=== PROBLEM TO SOLVE ===
Return the material exactly, first line through the line containing "처리하는 경우가 많습니다.", and nothing more. Pictures stay out.

=== DATA RECORDS ===
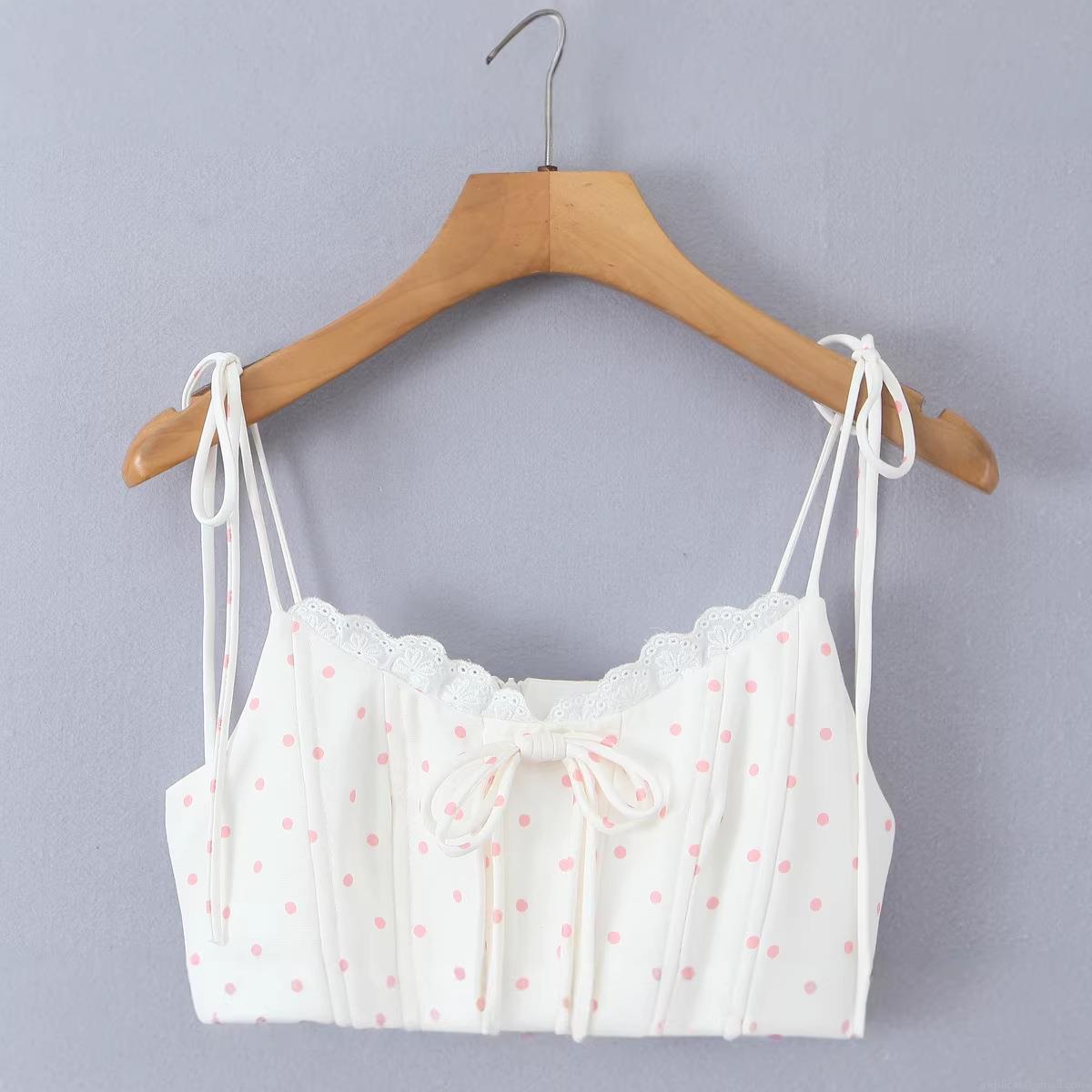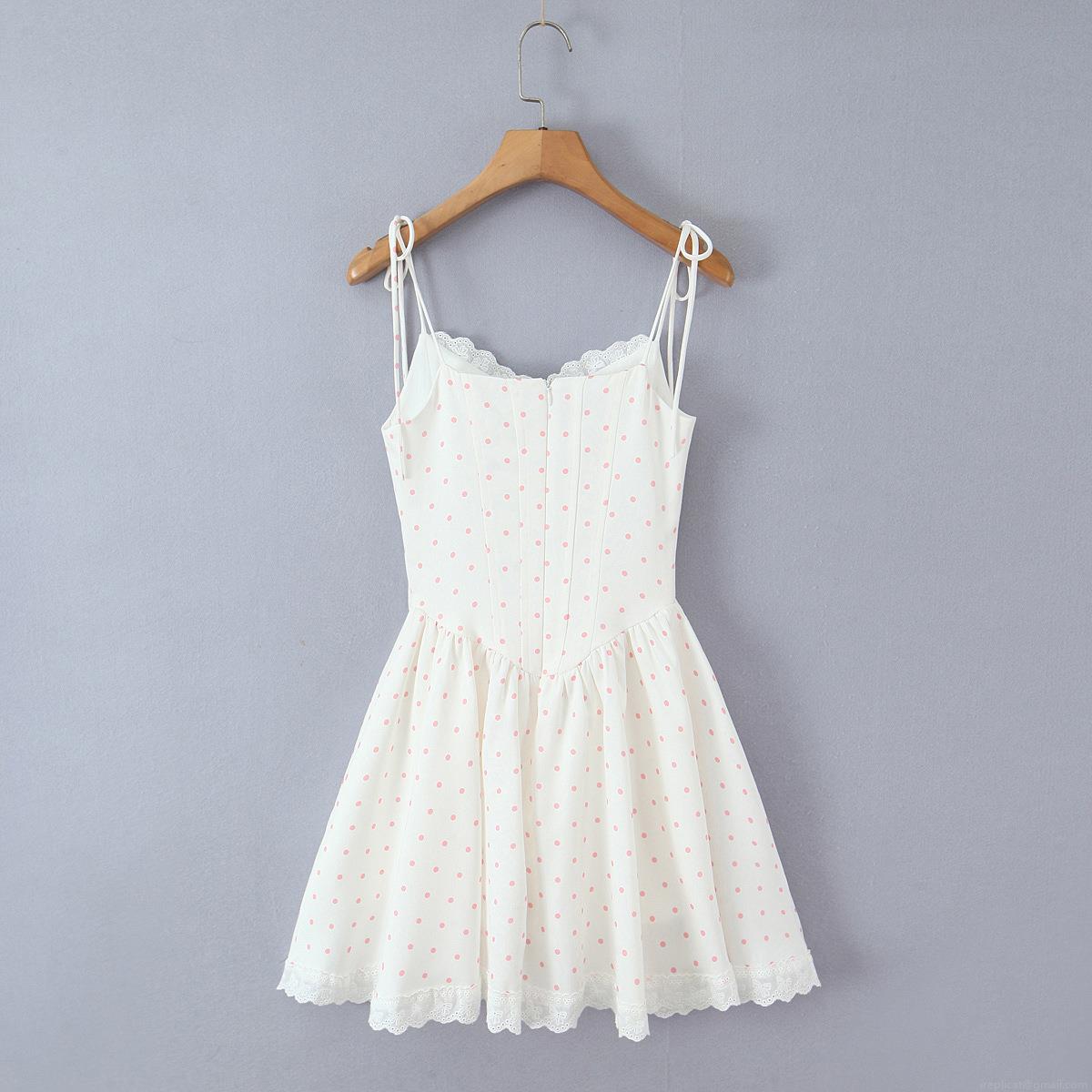 • Sweet Pink Polka Dot Lace Mini Slip Dress Women Summer Casual Sleeveless Slim Fit A-Line Cami Dress With Bow Tie Strap Vacation Outfits
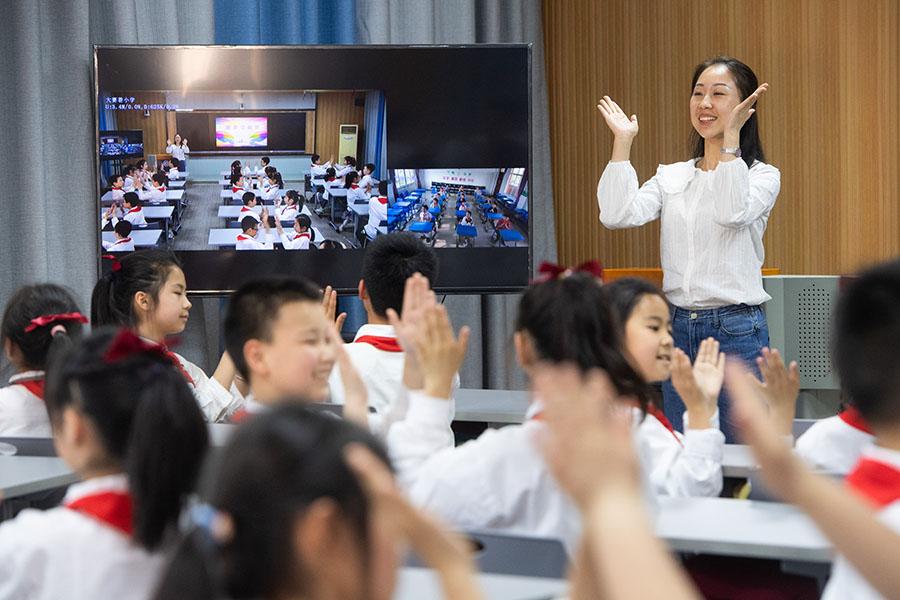 图为在湖南省祁阳市文明铺镇中心小学,师生通过远程课程学习。
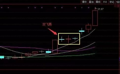 “雙飛燕”形態(tài)是一種K線技術(shù)形狀,走勢上出現(xiàn)大陽之后兩根并排上揚成交量和振幅逐步遞減的十字星,而且均線系統(tǒng)通常是以完美的多頭排列列示,股價沿著10日均線強勁攀升。當“雙飛燕”形態(tài)形態(tài)出現(xiàn)之后,股價一般大概率上是上行的,從這個意義上來說,該形態(tài)還有這推測頂部的功能,要注意該形態(tài)的位置,位置低,期望值就可大些,如果位置高,期望值就要小些,而且隨時準備清倉離場。如下圖所示。
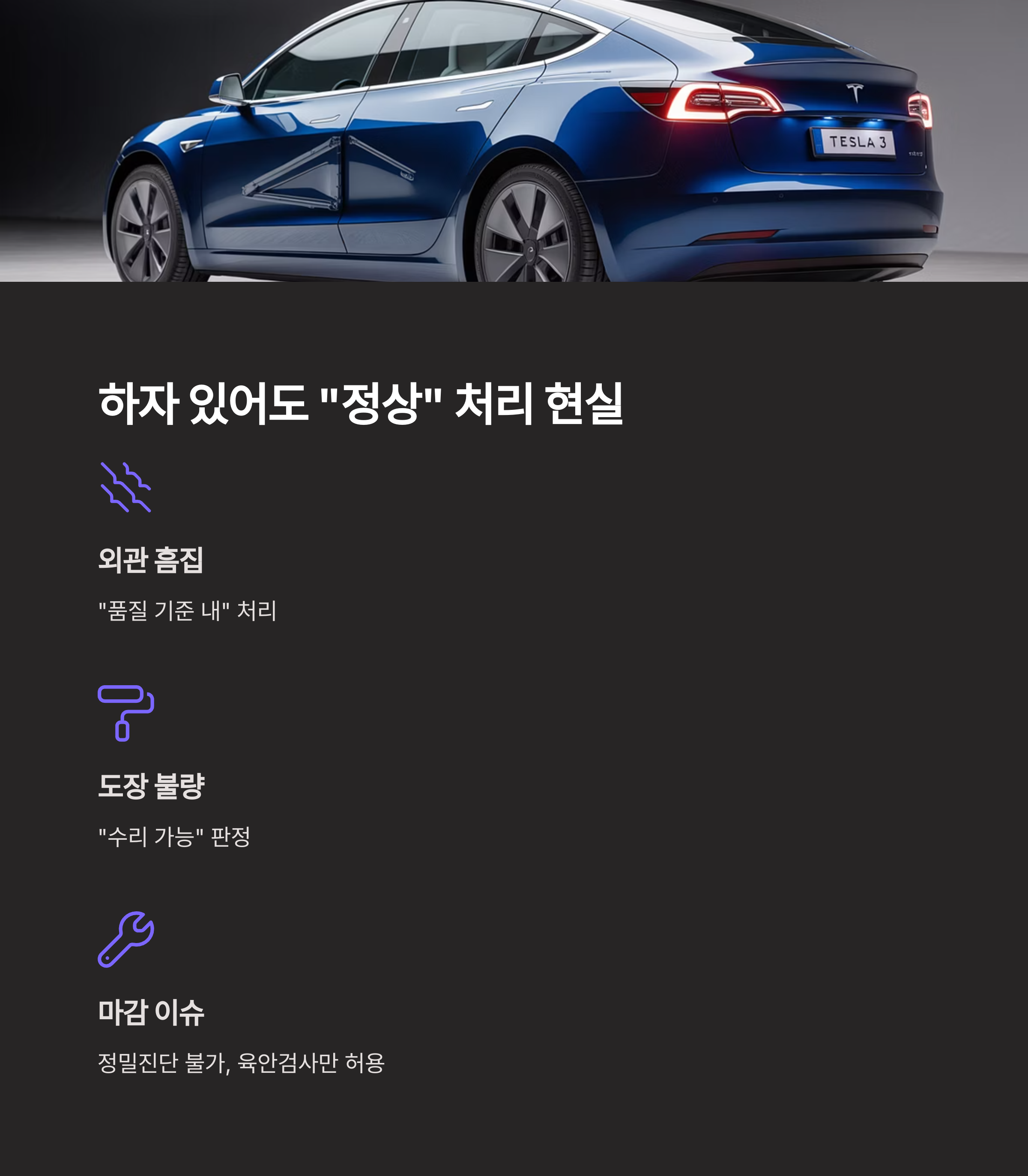 테슬라 측에서는 “품질 기준 내” 혹은 “수리 가능”으로 처리하는 경우가 많습니다.
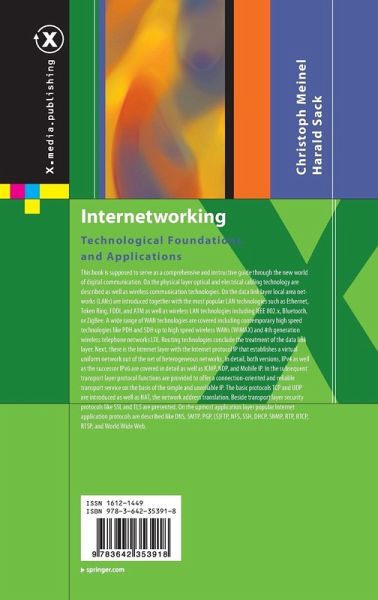 This book is supposed to serve as a comprehensive and instructive guide through the new world of digital communication. On the physical layer optical and electrical cabling technology are described as well as wireless communication technologies. On the data link layer local area networks (LANs) are introduced together with the most popular LAN technologies such as Ethernet, Token Ring, FDDI, and ATM as well as wireless LAN technologies including IEEE 802.x, Bluetooth, or ZigBee. A wide range of WAN technologies are covered including contemporary high speed technologies like PDH and SDH up to high speed wireless WANs (WiMAX) and 4th generation wireless telephone networks LTE. Routing technologies conclude the treatment of the data link layer. Next, there is the Internet layer with the Internet protocol IP that establishes a virtual uniform network out of the net of heterogeneous networks. In detail, both versions, IPv4 as well as the successor IPv6 are covered in detail as well asICMP, NDP, and Mobile IP. In the subsequent transport layer protocol functions are provided to offer a connection-oriented and reliable transport service on the basis of the simple and unreliable IP. The basic protocols TCP and UDP are introduced as well as NAT, the network address translation. Beside transport layer security protocols like SSL and TLS are presented. On the upmost application layer popular Internet application protocols are described like DNS, SMTP, PGP, (S)FTP, NFS, SSH, DHCP, SNMP, RTP, RTCP, RTSP, and World Wide Web.
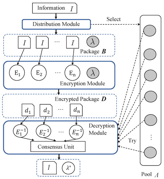 Distribution module takes an input I and generates a package by duplicating I into a set of n identical copies, and selecting a random key from a pool . The resulting package is then forwarded to the encryption unit for further processing.
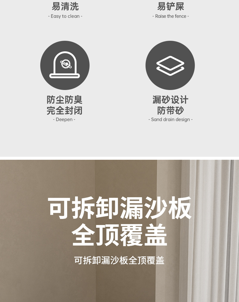 | Colores | Gris clásico (cajón grande de 35 kg) para evitar salpicaduras externas,Azul claro y verde (cajón grande de 35 kg) para evitar salpicaduras externas,Jazmín amarillo (cajón grande de 35 kg) para evitar salpicaduras externas,Rosa en polvo (35 kg de cajón grande) para evitar salpicaduras externas |
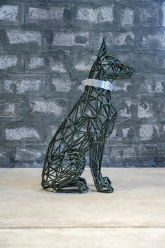 Seated in poised vigilance, Nitro the Doberman exudes a quiet yet unmistakable strength. Crafted in steel, his form is both powerful and refined, capturing the raw intensity and loyalty of a true guardian even in his repose. Though sitting, Nitro radiates an aura of readiness—ears pricked, gaze unwavering, every muscle taut with contained energy. Like the name suggests, he’s a force to be reckoned with, a protector in stillness, embodying the fierce loyalty and sharp intelligence of his breed.
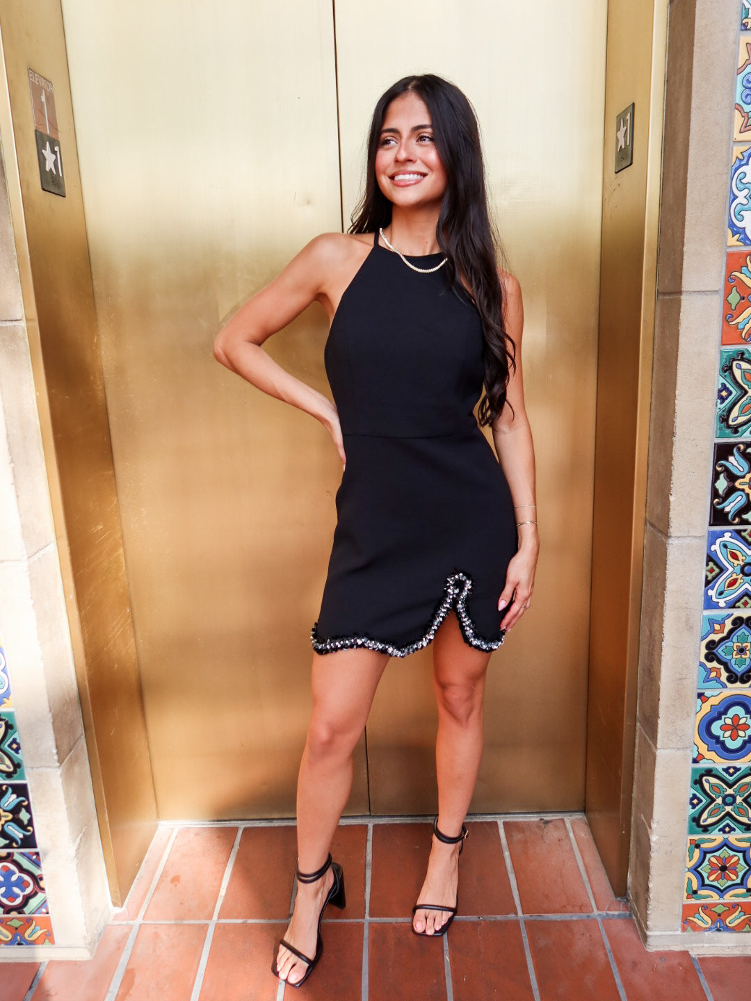 Simple, sleek, and just the right amount of extra. The Midnight Spark Mini Dress features a chic high neckline, flattering mini silhouette, and a crystal-embellished hem that brings the party with every step. Effortlessly polished and made to shine — this one’s a total head-turner.
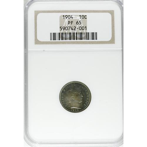 <B>1904 10C PR65 NGC.</B></I> Deep sea-green and violet toning adorns the surfaces of this Gem proof. Fully struck and free of hairlines, the piece shows a few tiny contact marks on Liberty's face and neck that are too trivial to limit the grade. Census: 39 in 65, 35 finer (4/07).<BR><BR><b>Shipping:</b> Coins & Currency (<a target="_blank" href="http://www.heritageauctions.com/common/shipping.php">view shipping information</a>)
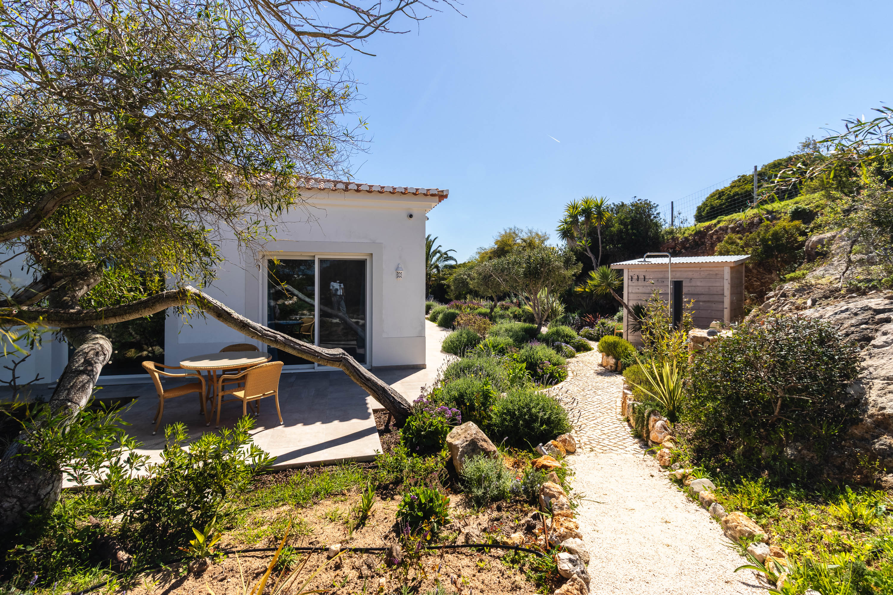 Outside, the property truly comes into its own, with expansive terraces designed for both relaxation and entertaining. From al fresco dining areas to peaceful zen-inspired gardens, every corner invites you to unwind while taking in the sweeping sea views and picturesque countryside surroundings. Adding to the sense of luxury, a sauna with sea views and an outdoor shower create a private wellness retreat, while a convenient carport completes the offering.
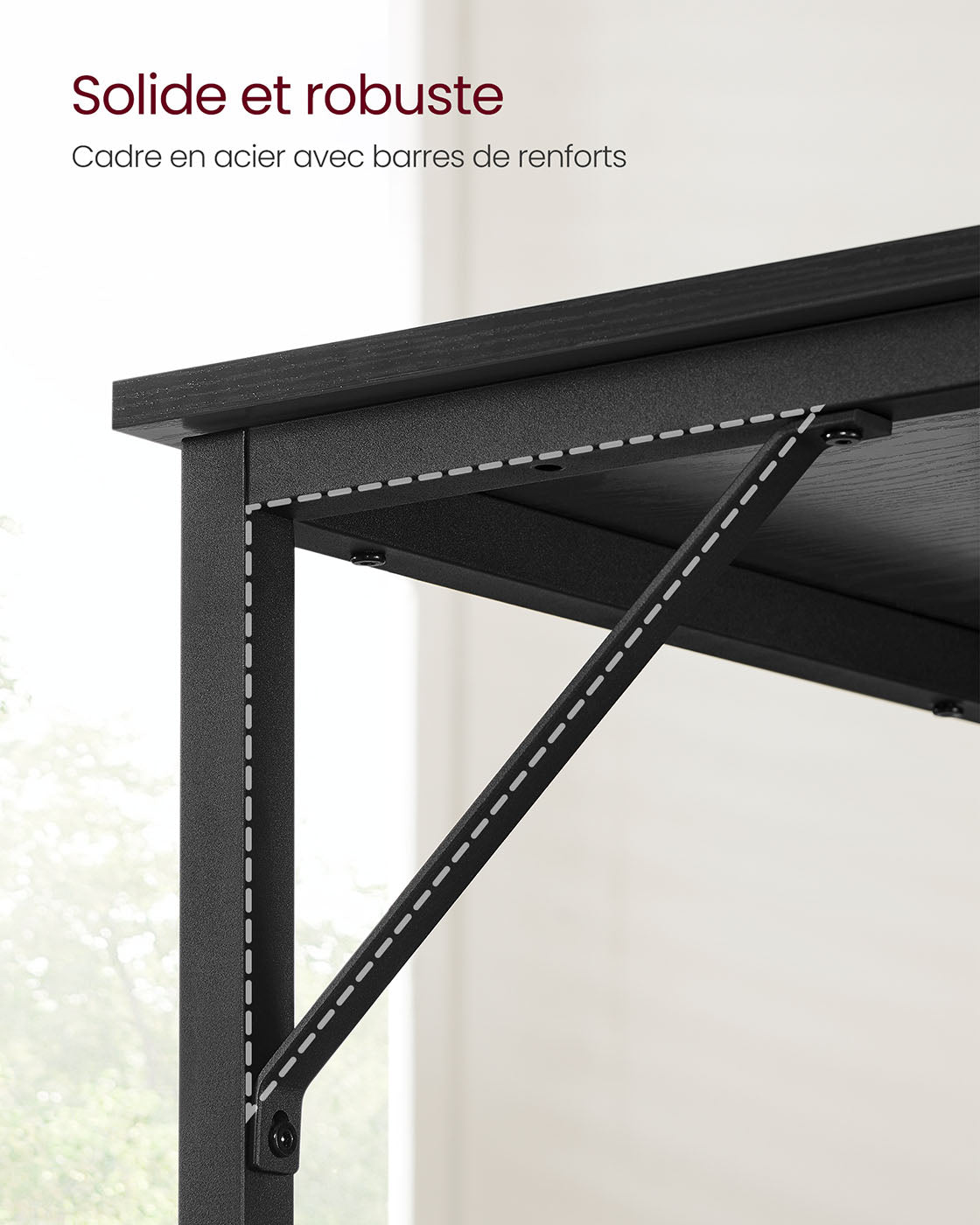 Conçu à partir de panneaux d’aggloméré de qualité et d’un cadre en acier renforcé par des barres transversales, ce bureau est à la fois robuste et durable. Il peut supporter jusqu’à 50 kg, garantissant une surface de travail stable et fiable au quotidien.

=== RESPONSE ===
 • Sweet Pink Polka Dot Lace Mini Slip Dress Women Summer Casual Sleeveless Slim Fit A-Line Cami Dress With Bow Tie Strap Vacation Outfits
 图为在湖南省祁阳市文明铺镇中心小学,师生通过远程课程学习。
 “雙飛燕”形態(tài)是一種K線技術(shù)形狀,走勢上出現(xiàn)大陽之后兩根并排上揚成交量和振幅逐步遞減的十字星,而且均線系統(tǒng)通常是以完美的多頭排列列示,股價沿著10日均線強勁攀升。當“雙飛燕”形態(tài)形態(tài)出現(xiàn)之后,股價一般大概率上是上行的,從這個意義上來說,該形態(tài)還有這推測頂部的功能,要注意該形態(tài)的位置,位置低,期望值就可大些,如果位置高,期望值就要小些,而且隨時準備清倉離場。如下圖所示。
 테슬라 측에서는 “품질 기준 내” 혹은 “수리 가능”으로 처리하는 경우가 많습니다.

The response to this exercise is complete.